BioAutomata completed two rounds of fully automated construction and optimization of the lycopene-production pathway, which includes the design and construction of the lycopene pathways, transfer of the DNA-encoding pathways into host cells, growth of the cells, and extraction and measurement of the lycopene production.

“BioAutomata was able to reduce the number of possible lycopene-production pathways constructed from over 10,000 down to about 100 and create an optimized quantity of lycopene-overproducing cells within weeks – greatly reducing time and cost,” Zhao said.  

Zhao envisions fully automated biofoundries being a future revolution in smart manufacturing, not unlike what automation did for the automobile industry.

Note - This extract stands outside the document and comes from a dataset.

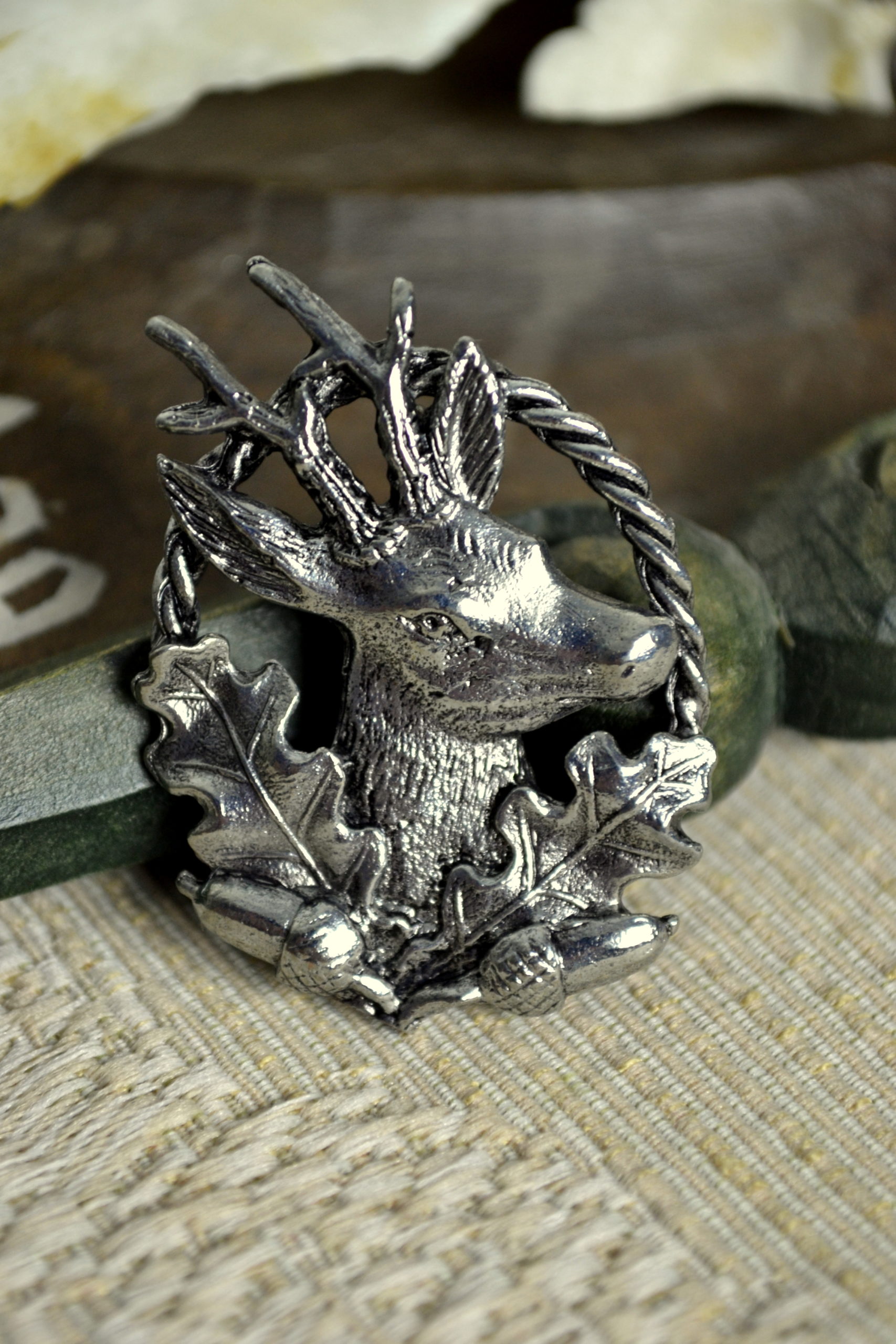 Beautifully detailed pin of a roe deer head with oak leaves and acorns surrounded by a twisted rope design. Lightly antiqued silver colour metal finish.rrMeasures approximately 1inch/2.5 cm wide x 1 3/8 inches/35 mm high. Made in Germany.

“A hundred years ago, people built cars by hand,” he said. “Now, that process is much more economical and efficient thanks to automation, and we imagine the same for biomanufacturing of chemicals and materials.”

Zhao also is affiliated with the departments of chemistry, biochemistry and bioengineering, and is a theme leader at the  Center for Advanced Bioenergy and Bioproducts Innovation.

The U.S. Department of Energy’s Center for Advanced Bioenergy and Bioproducts Innovation and the IGB supported this research.